Wow--here's an article that is just too good to not share with whomever may be reading this blog from time to time.  Please read it, take it to heart, and then do something about it--especially if you are in or heading for those often dreamed about and long-hoped for "retirement years".

This article will help you not to waste your life by wasting this retirement you've been anticipating for the last--who knows how many years.  It might just help break you out of that fragility mindset some folks get themselves caught up in where all you think you're good for is sleeping in, visiting the grandkids, and reading them books about Barney.  Now, there is nothing wrong with that at all, but there is so much more you can do with your retirement, your resources, and your life experience walking with the Lord.  So please for the sake of Christ and those He has given His blood to save--Don't piddle your life away in the last lap.  Finish strong and finish well!  

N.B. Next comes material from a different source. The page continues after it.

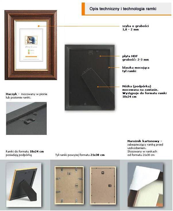 Ramka: z drewna sosnowego. Przód oprawy: szkło mineralne, o grubości 2 mm występuje do formatu 30x40 (włącznie)  / powyżej szkło organiczne 2 mm - plexi. Tył oprawy: wykonany jest z twardej płyty HDF o grubości 3 mm. Blaszki mocujące: miękkie blaszki mocujące tył ramki, zapewniają możliwość wielokrotnego otwierania. Ramka z podpórką: stopka występuje do formatu 18x24 cm umożliwia postawienie w pionie lub poziomie. Wieszak: stabilna metalowa zawieszka z możliwością ekspozycji pionowo lub poziomo. Opakowanie: ramki posiadają zabezpieczające narożniki tekturowe oraz folię ochronną. Gwarancja satysfakcji: Najwyższa jakość, gatunek I. Produkt polski.

Here's the article, entitled: Kissing Retirement Goodbye by John Ensor, who is the Executive Director of Urban Initiatives for Heartbeat International and author of The Great Work of the Gospel, which is a great read about what God has accomplished for us through the Gospel.

I kissed retirement goodbye—at least the kind traditionally planned for in America. My mother has finally persuaded me that there are better things to do than "just retire" when I reach her age.  

In August, I wrote about caring for family with end-of-life challenges.  My mother, at 78, started to go blind while on a mission trip to Mongolia.  Her sight was saved through high-dose steroids, which tripped other health concerns which were compounded by the discovery of breast cancer.  The subsequent surgery left her fragile.  She fell and added injury to sickness and disease.  We gathered with her in August to discuss how to care for her as she enters what I call “the frowning years.”  Ecclesiastes simply calls them the "evil days", when: 

"the years draw near of which you will say, “I have no pleasure in them”; before the sun and the light and the moon and the stars are darkened and the clouds return after the rain in the day when the keepers of the house tremble, and the strong men are bent, and the grinders cease because they are few, and those who look through the windows are dimmed, and the doors on the street are shut—when the sound of the grinding is low, and one rises up at the sound of a bird, and all the daughters of song are brought low—they are afraid also of what is high, and terrors are in the way; the almond tree blossoms, the grasshopper drags itself along, and desire fails, because man is going to his eternal home, and the mourners go about the streets." (Ecclesiastes 12:1-5).

The point of this description is to “remember your creator in the days of your youth” (12:1) while you can taste and see the goodness of God while all your senses are in full function, and your strength is still intact.  Savor him while you can—before your teeth fall out (the grinders cease) and your eyes fail (the windows are dimmed) and your bones ache with every move (the grasshopper drags itself along); before the fears of dying assail you and sap your strength and try your faith one last time before they are swallowed up in victory.  

Evidently, at 78, my mother is still in the days of her youth.  Since August, she has prayed and fought for her health but just last week she left for Quetzaltenango, Guatemala.  She joined a team of trainers for a Leadership Development Conference in which 90 teachers from around the country took their school vacation week to learn to study and teach the Bible through an inductive-study method.  Seven more teachers planned on being there.  But my mother writes, “They did not get here because their charter bus was ambushed by robbers and the driver was killed.”  

In spite of such things, she writes of the thrill of watching the participants learn how to discover the Bible's unsearchable riches.  She concludes, “I have been so blessed to be here, that at times I think I will burst!” 

Evidently, she intends to die with her mission boots on as she faces down those “frowning years.”